▶ Task prompt: The expected response is the complete listing below, restated exactly, with its pictures omitted.

▶ Information shown:
________
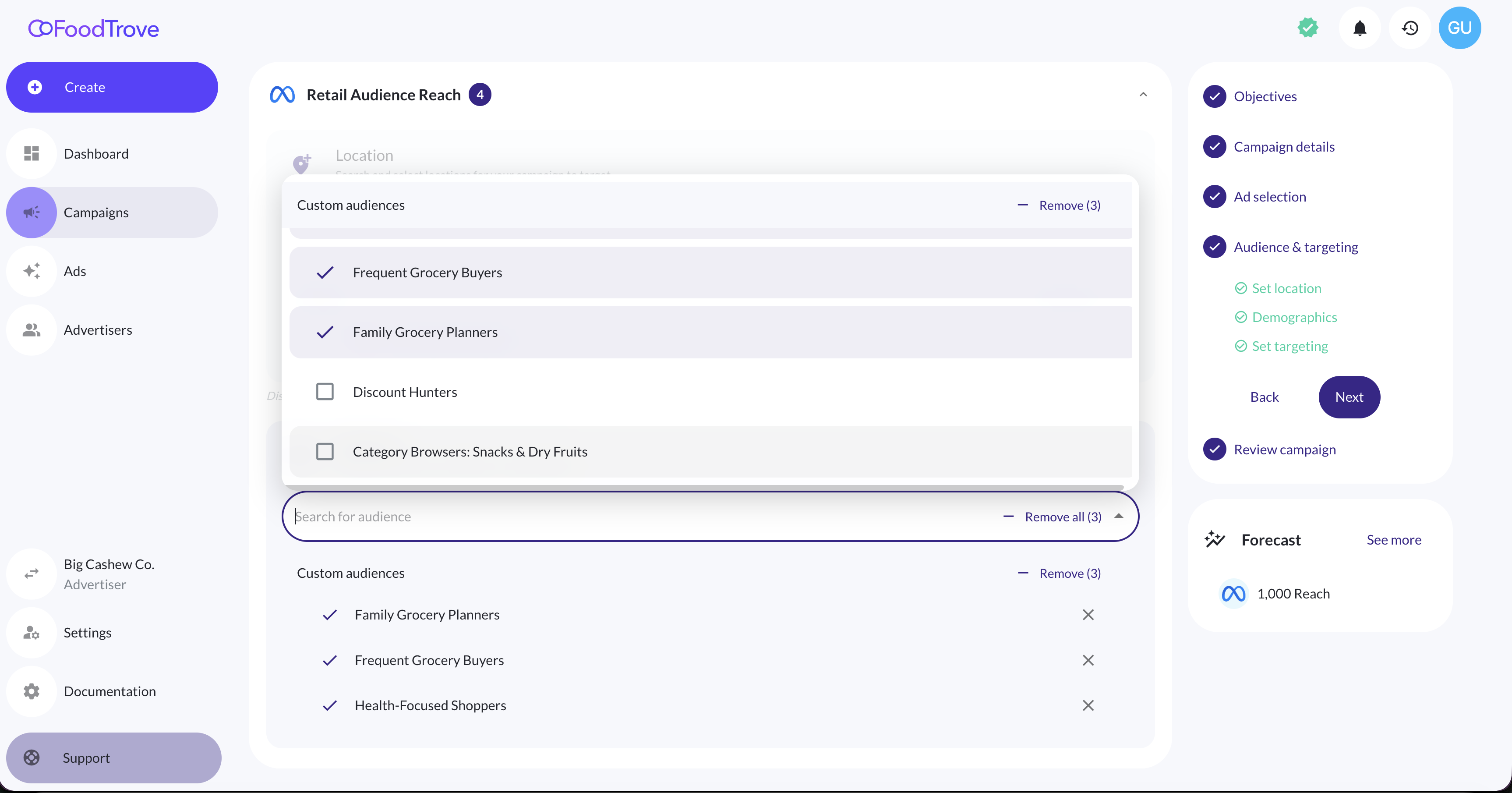 Any additional Meta targeting can be applied as a background setting within an Ad Product, keeping the campaign creator experience as simple or as detailed as you need it to be.
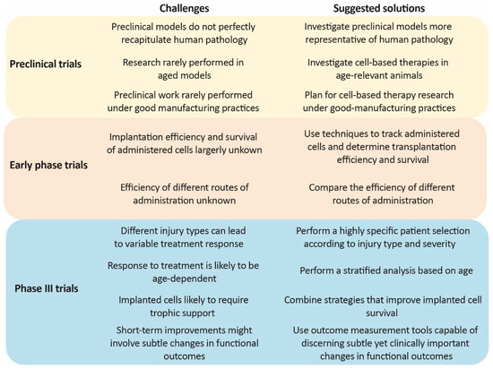 First, age is likely to play a limiting effect both for endogenous and exogenous cell-based therapies. Aging is characterized by a chronic, low-grade inflammatory state often referred to as “inflammaging” [79]. The aged brain presents a unique microenvironment that has a lower reserve of endogenous stem cells and is less favorable for stem cell proliferation and maturation than young brains [80]. It is therefore likely that older populations will respond differently to cell-based therapies compared to younger patients. Unfortunately, few preclinical studies have been specifically tailored to aged populations, which represents an understudied and clinically relevant area for further research. Basic science and translational studies of TBI in older subjects would potentially elucidate additional mechanisms underpinning age-related disparities in TBI outcomes and reveal avenues for therapeutic interventions targeting unique pathophysiologic changes within older individuals. This can be extended to the clinical realm, where clinical trial design would benefit from a stratification of the patient population based on age. This practice might uncover benefits in a subset of patients, and is supported by preliminary evidence in early-phase trials [71].
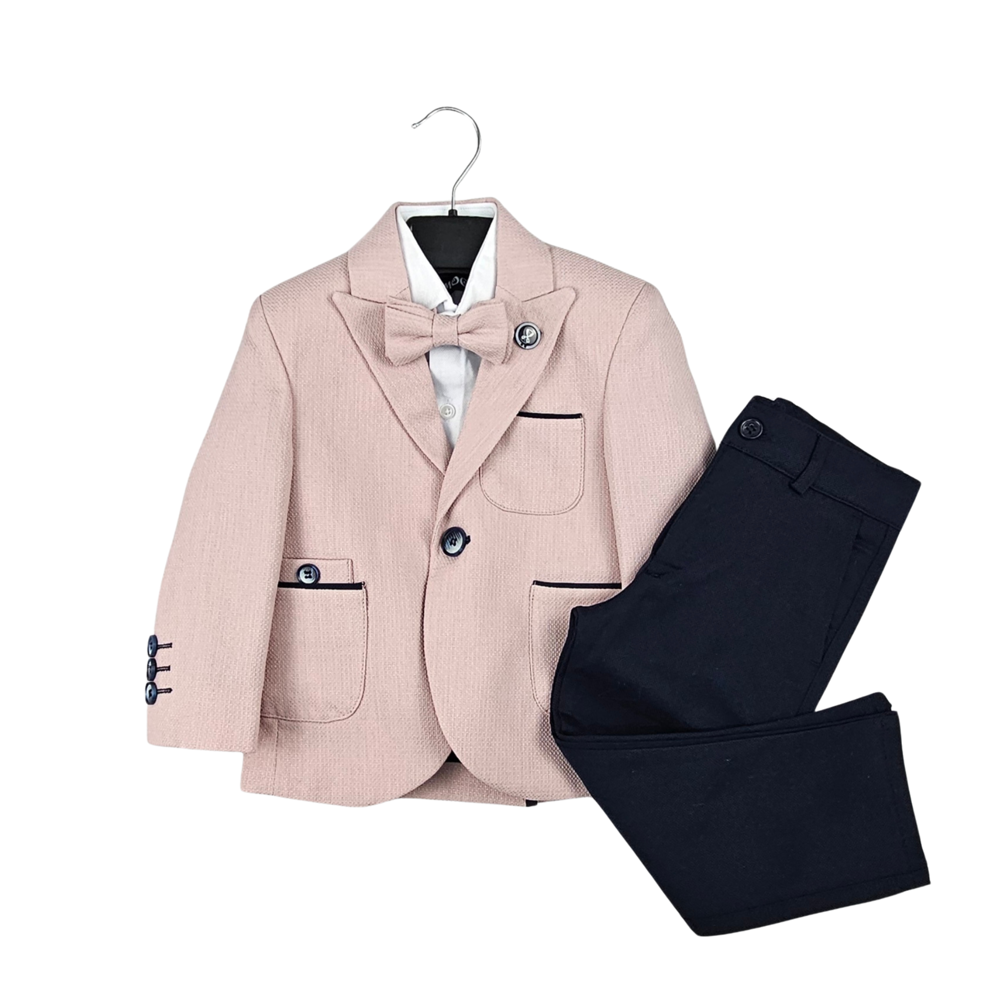 Bow Tie and Navy Pin: Finishing touches make all the difference. The matching bow tie and navy pin add charm and character, elevating the suit’s overall look.
________
▶ Result of this exercise:
 Any additional Meta targeting can be applied as a background setting within an Ad Product, keeping the campaign creator experience as simple or as detailed as you need it to be.
 First, age is likely to play a limiting effect both for endogenous and exogenous cell-based therapies. Aging is characterized by a chronic, low-grade inflammatory state often referred to as “inflammaging” [79]. The aged brain presents a unique microenvironment that has a lower reserve of endogenous stem cells and is less favorable for stem cell proliferation and maturation than young brains [80]. It is therefore likely that older populations will respond differently to cell-based therapies compared to younger patients. Unfortunately, few preclinical studies have been specifically tailored to aged populations, which represents an understudied and clinically relevant area for further research. Basic science and translational studies of TBI in older subjects would potentially elucidate additional mechanisms underpinning age-related disparities in TBI outcomes and reveal avenues for therapeutic interventions targeting unique pathophysiologic changes within older individuals. This can be extended to the clinical realm, where clinical trial design would benefit from a stratification of the patient population based on age. This practice might uncover benefits in a subset of patients, and is supported by preliminary evidence in early-phase trials [71].
 Bow Tie and Navy Pin: Finishing touches make all the difference. The matching bow tie and navy pin add charm and character, elevating the suit’s overall look.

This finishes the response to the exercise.